When enviro-PR campaigns attack

You've probably had that feeling many times before in your life: walking away from the cinema after watching a movie that was so completely awful you found yourself wondering how such an obviously terrible idea ever made it past the hundreds of folks who should have known better (and had to pay for it to boot) all the way to your multiplex. Apparently such poor judgment is not limited to Hollywood.

A recent advertorial temporarily unleashed on a soon-to-be appalled public was intended to highlight environmental efforts around the world related to the 10-10-2010 campaign, a global effort to direct practical good sense on judicious energy use and measures to combat climate change related to our profligate lifestyles. I suppose it was intended to out-python Monty Python or some such thing (or perhaps I just don't understand British humor, though I still laugh about their comic antics in my homeland), but the 10/10 campaign's "no pressure" video (no, sorry, don't plan to link to it), which includes scenes of pert English school children blown to bits after refusing to commit to small works of mercy to prevent climate change, didn't leave me scratching my head as much as covering my eyes. As my two-year-old is fond of saying: "Wha th' h-ache?!"
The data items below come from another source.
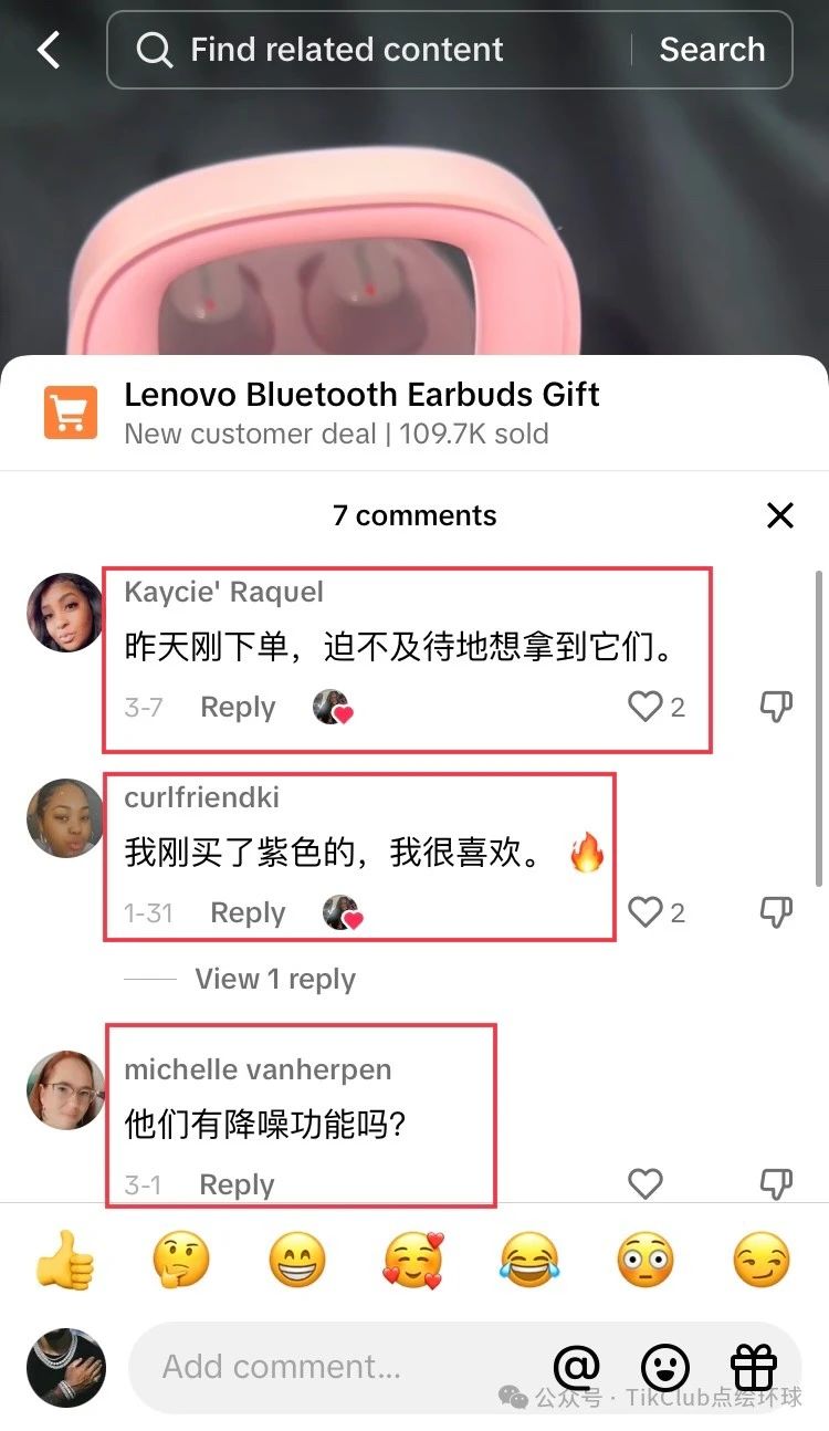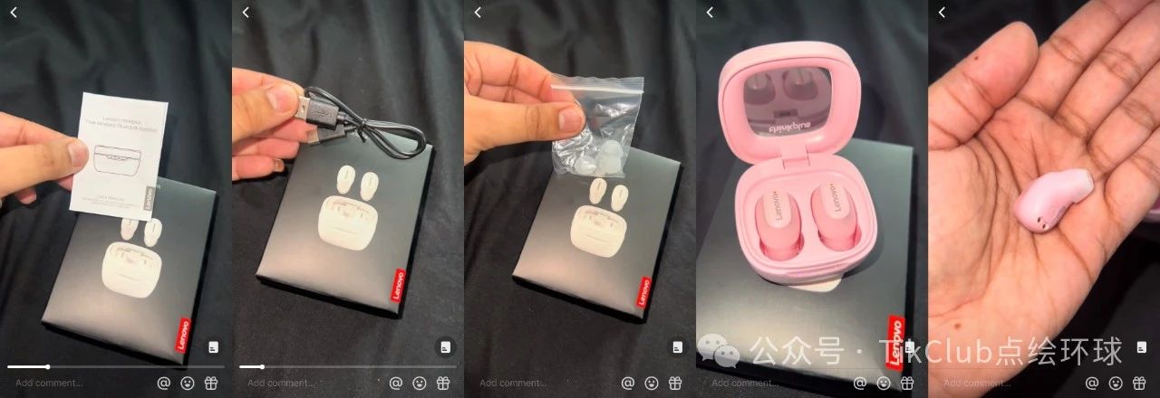 比如说这条视频,单纯展示一款耳机包含的说明书、充电线与可替换耳塞,以及达人旁白突出这款耳机的优点,评论就引来了很多有效询盘与反馈。
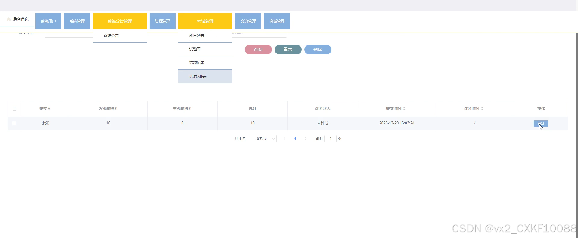 考试管理,在考试管理可以对试题进行增删改成,如图4-9所示。
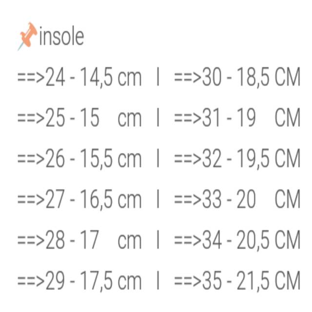 Produk ini memiliki 12 Variasi Ukuran yaitu : 24,25,26,27,28,29,30,31,32,33,34,35,
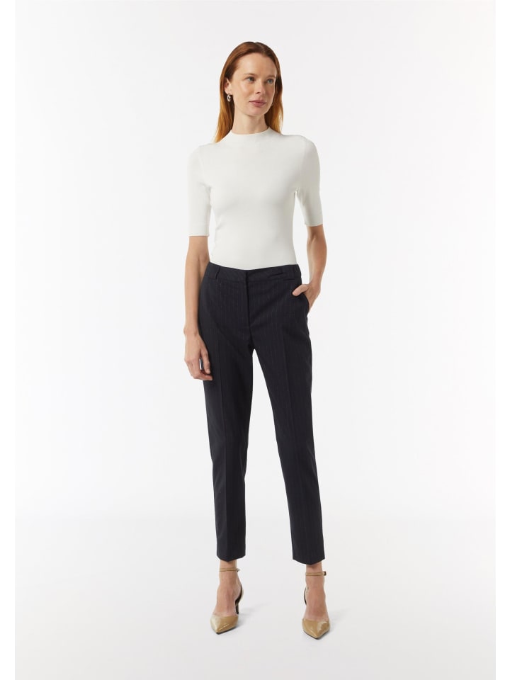 Брюки-сигареты с гламурным оттенком: эти высококачественные брюки 7/8 сочетают в себе деловой шик и утонченную экстравагантность. Сдержанный блестящий эффект добавит роскоши вашему образу. Благодаря средней посадке на талии и классическому крою они подчеркивают любую фигуру, а узкие брючины создают обтекаемый силуэт. Сочетайте брюки с шелковой блузкой для элегантного офисного образа или с эффектным топом для гламурного вечернего выхода.
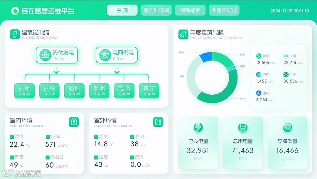 金星宇超低能耗办公楼已正式运行一年多,根据自主开发的能源监测运维平台数据显示,该办公楼通过多项节能技术,将全年室内办公环境稳定维持在温度21-26℃、湿度40%-60%、二氧化碳浓度600ppm以下,为员工提供了舒适、健康的工作环境,显著增强了员工的工作效率与幸福感。整栋楼的节能降碳效果全面优于设计指标,在降低能源消耗的同时,提升了环境品质。
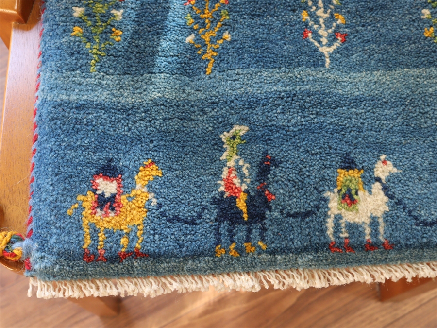 ギャッベ イラン産手織り 座布団サイズ 39x39cm ブルー ラクダの隊商
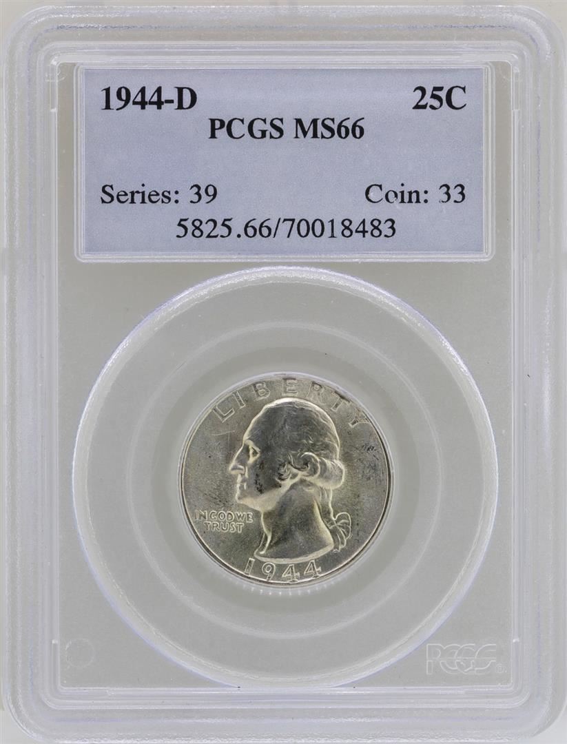 One 1944-D Washington Quarter Coin PCGS MS66. PCGS Graded.
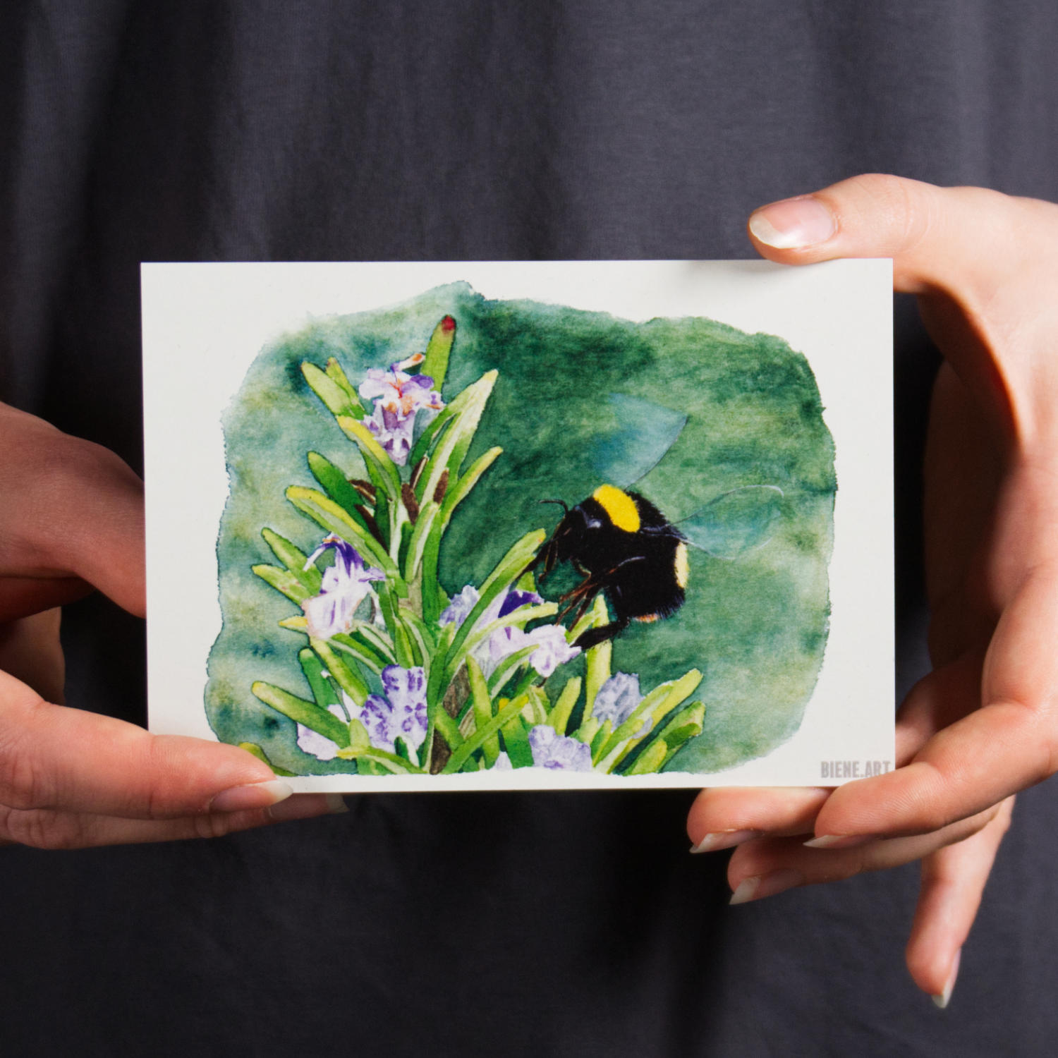 Hummel auf Rosmarin (Postkarte)

Instead of publicizing the campaign, of course, this jaw-dropping public disservice announcement has unleashed the rhetorical dogs of war; climate change skeptics have seized on the video—now pulled out of internet service but widely viewable on YouTube and elsewhere—to pronounce all proponents of real-world lifestyle changes meant to diminish climate change effects as eco-nazis eager to liquidate anyone who doesn't agree with them. Unfortunately after looking at the video, it's hard to argue that counter-reaction is over-the-top, really. The 10/10 video was meant to be in poor taste (it succeeds mightily), and I guess intended to shock viewers into thinking seriously about climate change and their personal contribution to it, but after watching it the only thought I could muster was a simple: "What the $%^ were they thinking?"

After a classic non-apology on Friday, "we're sorry if someone was offended … ", the director of 10/10 issued a more forthright statement today. It will not be enough to quell the rhetorical furor this poorly conceived idea is generating, nor do much to mitigate the damage it has done. A resignation or two would be a more effective gesture of accountability at this point.

Bill McKibben is among the notable environmentalists who managed a more cerebral response to the video than moi, so I'll let him have the last word on what is surely a bad day for environmentalists everywhere (through no fault of their own): "The climate skeptics can crow. It’s the kind of stupidity that hurts our side, reinforcing in people’s minds a series of preconceived notions, not the least of which is that we’re out-of-control and out of touch—not to mention off the wall, and also with completely misplaced sense of humor . . . . What makes it so depressing is that it’s the precise opposite of what the people organizing around the world for October 10 are all about. In the first place, they’re as responsible as it’s possible to be:  They’ll spend the day putting up windmills and solar panels, laying out bike paths and digging community gardens. And in the second place, they’re doing it because they realize kids are already dying from climate change, and that many many more are at risk as the century winds on. Killing people is, literally, the last thing we want."